Simulated forecast satellite image of Hurricane Delta early Wednesday morning, directly over Cancún (HWRF Model/Tropical Tidbits)
Forecast wind speed and pressure early Wednesday morning (HWRF Model/Tropical Tidbits)

Though interactions with land over the Yucatan Peninsula will briefly weaken Delta, the storm will then reemerge into a favorable environment in the Gulf of Mexico late Wednesday and Thursday as it moves west-northwestward.

It may regain category 4 strength at that time with winds returning to 130+ miles per hour.

Simulated forecast satellite image of Hurricane Delta on Thursday over the Gulf (HWRF Model/Tropical Tidbits)

A bit of good news, however, for hurricane-weary Louisiana and other sections of the coast threatened by Delta: we do expect the storm to weaken prior to landfall.

As Delta approaches the Gulf Coast, it will begin to encounter higher vertical wind shear, attempting to tear the storm apart.
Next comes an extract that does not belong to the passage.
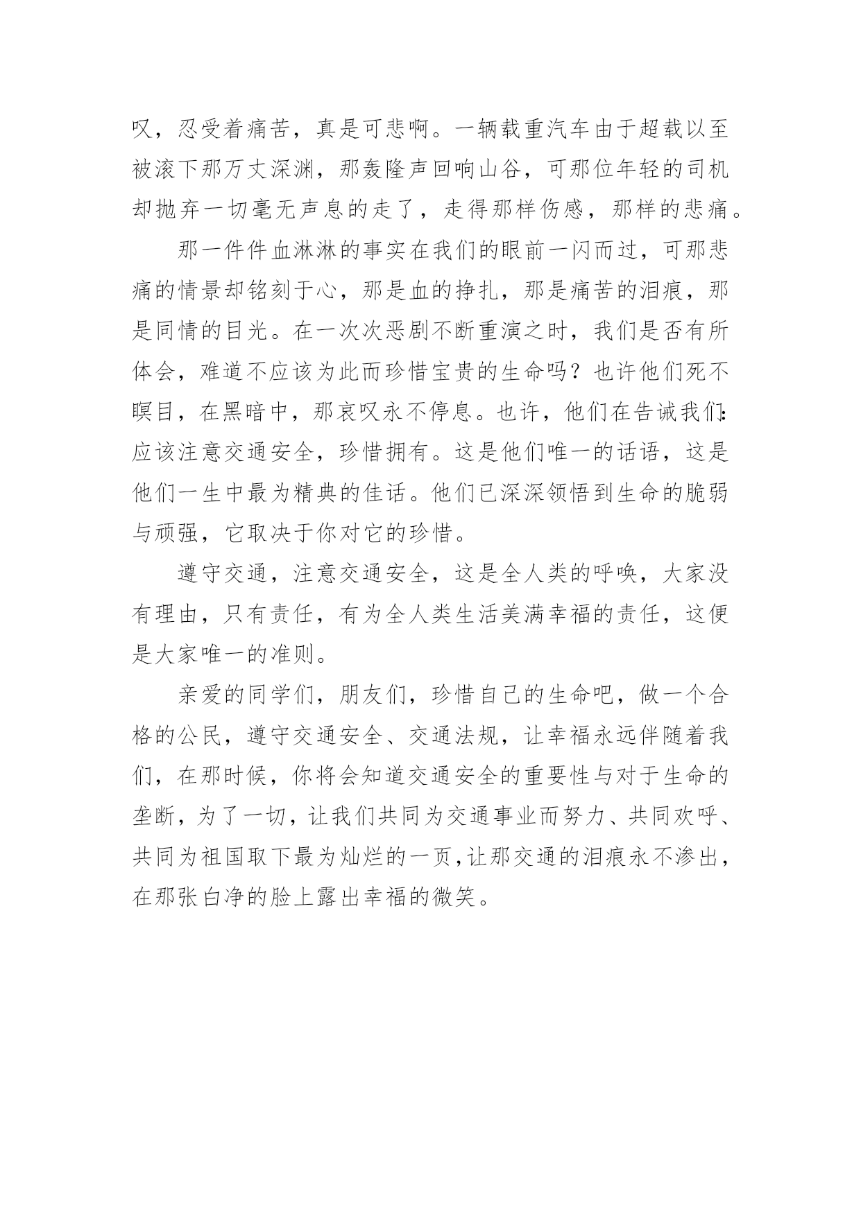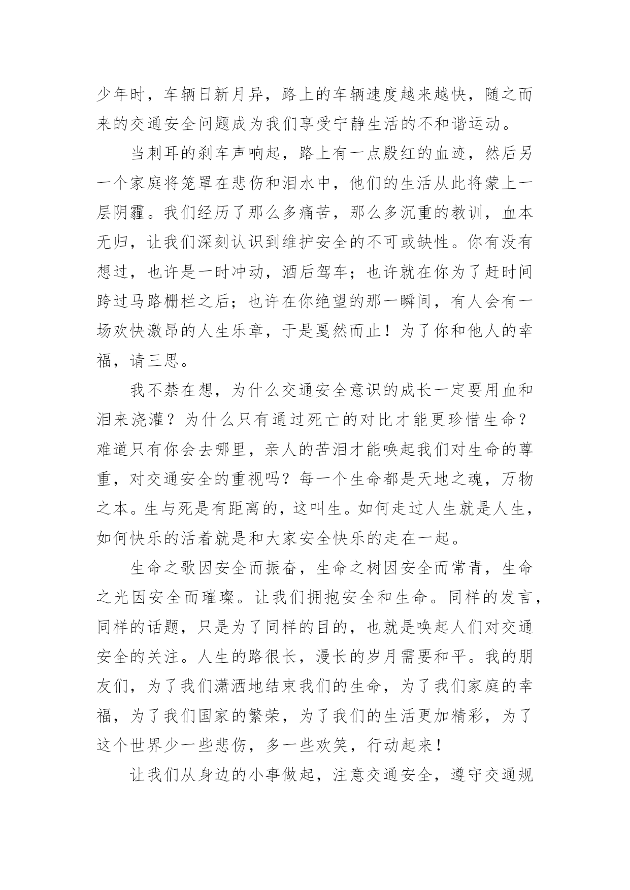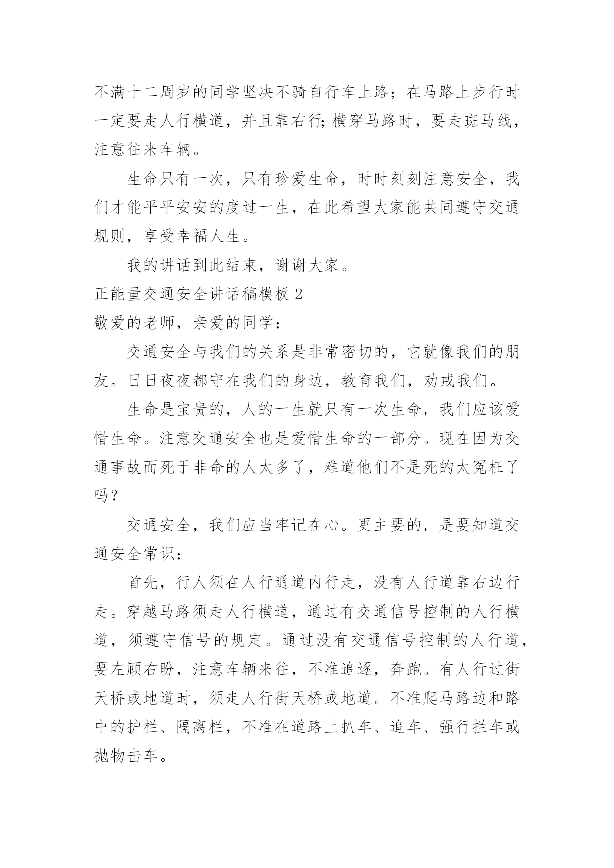 正能量交通安全讲话稿正能量交通安全讲话稿模板在生活中,各种讲话稿频频出现,讲话稿是应用写作研究的重要文体之一。那要怎么写好讲话稿呢?下面是小编整理的正能量交通安全讲话稿模板,欢迎大家借鉴与参考,希望对大家有所帮助。正能量交通安全讲话稿模板1亲爱的老师、同学们:大家好。今天我国旗下讲话的题目是《交通安全记我心中》。安全是什么?安全是忠实的保护神,日日夜夜守护在我们身边,让生命之树挺拔青翠;安全是警钟,时时刻刻提醒我们珍爱生命,注意安全。每天来上学,父母总不忘提醒我们:安全第一。上课时,老师常常教导我们:学校内外要注意安全。我们却常常把他们的话当做耳旁风,而这所谓的耳旁风,正是对我们的爱的叮咛。每当上学放学的路上,放眼望去,好多同学不遵守交通规则,比如走在机动车道上、横穿马路、走逆行道,更有甚者还在车流不息的马路上打闹,多么危险的行为啊。我在此倡议:尽量请家长接送上下学,保护我们的安全;遵守《道路交通安全法实施条例》和《中小学生守则》规定,不满十二周岁的同学坚决不骑自行车上路;在马路上步行时一定要走人行横道,并且靠右行;横穿马路时,要走斑马线,注意往来车辆。生命只有一次,只有珍爱生命,时时刻刻注意安全,我们才能平平安安的度过一生,在此希望大家能共同遵守交通规则,享受幸福人生。我的讲话到此结束,谢谢大家。正能量交通安全讲话稿模板2敬爱的老师,亲爱的同学:交通安全与我们的关系是非常密切的,它就像我们的朋友。日日夜夜都守在我们的身边,教育我们,劝戒我们。生命是宝贵的,人的一生就只有一次生命,我们应该爱惜生命。注意交通安全也是爱惜生命的一部分。现在因为交通事故而死于非命的人太多了,难道他们不是死的太冤枉了吗?交通安全,我们应当牢记在心。更主要的,是要知道交通安全常识:首先,行人须在人行通道内行走,没有人行道靠右边行走。穿越马路须走人行横道,通过有交通信号控制的人行横道,须遵守信号的规定。通过没有交通信号控制的人行道,要左顾右盼,注意车辆来往,不准追逐,奔跑。有人行过街天桥或地道时,须走人行街天桥或地道。不准爬马路边和路中的护栏、隔离栏,不准在道路上扒车、追车、强行拦车或抛物击车。那么,有红绿灯的情况下,该怎么办呢?不用着急,请看:绿灯亮时,准许行人通过斑马线;绿灯闪烁时,不准行人进入人行横道,但已经进入人行横道的可以继续通行;红灯亮时,不准行人进入人行横道。只要你把这些交通安全牢记在心中,那么它便是你最好最好的朋友。它将永远保护着你,带给你幸福。正能量交通安全讲话稿模板3敬爱的老师,亲爱的同学:人们总把安全挂在嘴边,可是有的人并不把安全当回事,自我安全防护意识相当薄弱,就因为如此,许多人在一时之间付出了宝贵的生命,总是当危险真正出现时,才后悔当初,却已是无法补。上学前,玩耍前,父母总是不厌其烦地唠叨几句:“注意安全啊,过马路看着点。”你从未体验过父母对你的在意,感受过父母对你的关心。安全。别总让你置处危险时才发觉它有多么的重要。不要只因为等待不了红灯短短的几十秒而意外葬送未来的几十年。不要只贪图江水河池的一时凉爽好玩,就让生命的精彩如同水面的倒影那样虚无。每个人的生命都是父母给予我们的,它是无比宝贵的。有了生命的存在,才能成就我们一个个五彩的梦。一个人不会有第二次的生命,所以我们应该倍加珍惜。作为一个小学生,更加应该有自我保护意识,从我做起,从小事做起,做一个遵守交通的人。为了自己,珍爱生命,才是你幸福生活的最好的标志。危险时时刻刻都会发生,它就像颗威力十足的炸药,一时大意,这颗埋伏在我们生活中的炸药就会爆炸,炸得家庭破碎,炸得人心悲苦。每个人的生命都只有一次,我们一定要好好的爱惜哦。正能量交通安全讲话稿模板4亲爱的老师和同学们:大家好!生命,一个鲜活的词,安全,一个古老的话题。目前,交通安全已经成为全世界人民共同关心的重要话题,因为世界上每分钟都有人死于交通事故。人们交通安全意识低、道路基础设施相对滞后、车辆类型混杂、交通秩序混乱等原因造成的交通事故。长期居高不下,交通事故频繁发生。同学们,让大家携起手来,打一场珍惜生命,拒绝违规的人民战争。小时候交通安全是父母善意的提醒。孩子们边走边看着地面,小心翼翼地摔跤。这是我蹒跚学步时妈妈唠叨的关心。慢慢骑,记得靠边。这是我骑车上学时父亲慈爱的忠告。长大了,交通安全就是改变红绿灯的颜色,红灯停,绿灯行。等你长大了,交通安全就是交警大叔的严肃手势,伸出右手平推,红灯禁止!虽然有时候我只觉得不耐烦,但是看到父母担心的.表情和交警严肃的眼神,我还是忍不住感到温暖。当听父母唠叨过马路的孩子成长为学会看交警手势的少年时,车辆日新月异,路上的车辆速度越来越快,随之而来的交通安全问题成为我们享受宁静生活的不和谐运动。当刺耳的刹车声响起,路上有一点殷红的血迹,然后另一个家庭将笼罩在悲伤和泪水中,他们的生活从

Also, after multiple early-season cold fronts and cold upwelling from previous tropical storms, it will encounter cooler than normal sea surface temperatures in the 24 hours prior to landfall.

This less-conducive environment is expected to take a toll on the storm, though it may still make landfall on the northern Gulf Coast Friday or Saturday as a significant category 2 or 3 storm.

Official National Hurricane Center forecast track for Hurricane Delta. Sea surface temperatures also shown, with blue = cooler than normal waters.
Simulated forecast satellite of Hurricane Delta approaching landfall on Friday (HWRF Model/Tropical Tidbits)

With Hurricane Delta’s landfall somewhere in the U.S. now a near-certainty, this would be the 10th landfalling tropical storm or hurricane of the season thus far. The U.S. has never before seen 10 landfalling tropical storms/hurricanes in one season (previous record was 9 landfalls in the year 1916).